Learning to Respect Everyone’s Needs
During my third trimester of pregnancy, our 3.5 year old had a renewed bout of separation anxiety. We were able to successfully address it by focusing on three areas: learning to respect everyone’s needs, providing reassurance, and dealing with our own anxiety. Today I’m sharing how we talked with Kieran about needs (read the first part of this story here). Also, be sure to check out 13 Ideas to Gently Manage Separation Anxiety over at Natural Parents Network for more tips.

Learning to Respect Everyone’s Needs
Parents who practice attachment/natural parenting often make their children’s needs a higher priority than their own – to their own detriment. Tom and I are guilty of that at times, and we were hoping to fulfill one of our needs – spending quality time together as a couple – before our second child was born. Kieran had been going through a renewed bout of separation anxiety and adamantly refused to be left with a close family friend so that Tom and I could go on a date. Tom and I were frustrated; we felt like Kieran was disconnected from considering anyone else’s needs but his own.
A week prior to our scheduled date night, we started gently introducing the idea to Kieran. Initially he responded in the way he had been – shutting down, saying “no,” and walking away. When that happened, we would gently let him know that we could see his discomfort and we wanted to help him through it, but we also asked him to understand that mama and papa have things that they wanted to do too, and we asked him to work toward a compromise with us.
Eventually he stopped shutting down and started to get sad and argue with us. He told us he was scared and that he did not like to stay anywhere without us. Again we addressed his needs (wanting to feel safe, feeling more comfortable with a parent) and our needs (we wanted to spend time together as a couple). He acknowledged that it makes him feel good when we take care of his needs, and he also recognized that it is important for families to help each other meet everyone’s needs.
Finally, he did agree to give date night a try, although there were many tears shed in the process.
Wisdom from Amy of Peace 4 Parents
Separation anxiety speaks to feeling a sense of anxiety when either pondering or experiencing the reality of being separated from a source of well-being. For kids, this often mean parents. It can also mean other loving caregivers, special toys, or really intriguing experiences. As parents we can get our minds all wrapped up in how to avoid this anxiety. While working to honor the needs of the child may sometimes include avoiding separation all together, it can also be helpful to work through the anxiety by learning to respect everyone’s needs.
You can start exploring how to respect everyone’s needs by figuring out what you and your child’s non-negotiable needs really are. By non-negotiable needs I mean those, which when fulfilled, honor your innermost values. For you, this may be some time to yourself or with your partner. It may also include knowing your child is in safe hands. For your child it may be a loving caregiver who can be with him compassionately as he expresses sadness at your separation and provides fun activities when he’s ready.

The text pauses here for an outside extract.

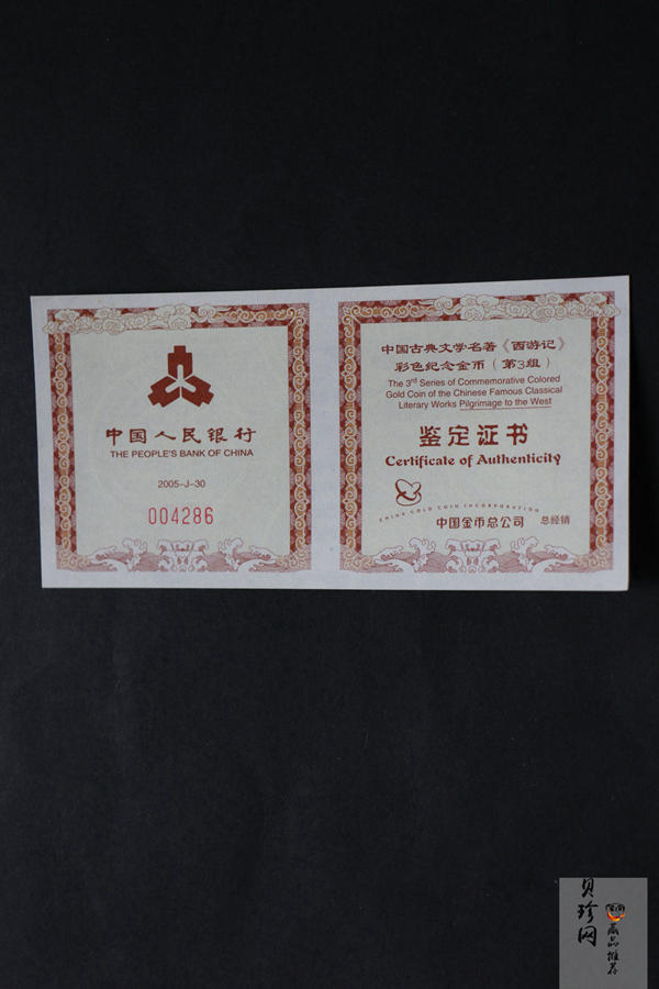 【050702】2005年中国古典文学名著《西游记》第(3)组-收月兔图1/2盎司精制彩金币

Getting to know ourselves a little deeper helps open the space to respect our own needs, as well as our child’s. Asking yourself simple questions through inquiry is a straightforward way to start the process that may also be helpful. Through using the information we learn about ourselves, we can more fully model the ability to respect our needs, which provides a real life example to our children of self-respect and self-care.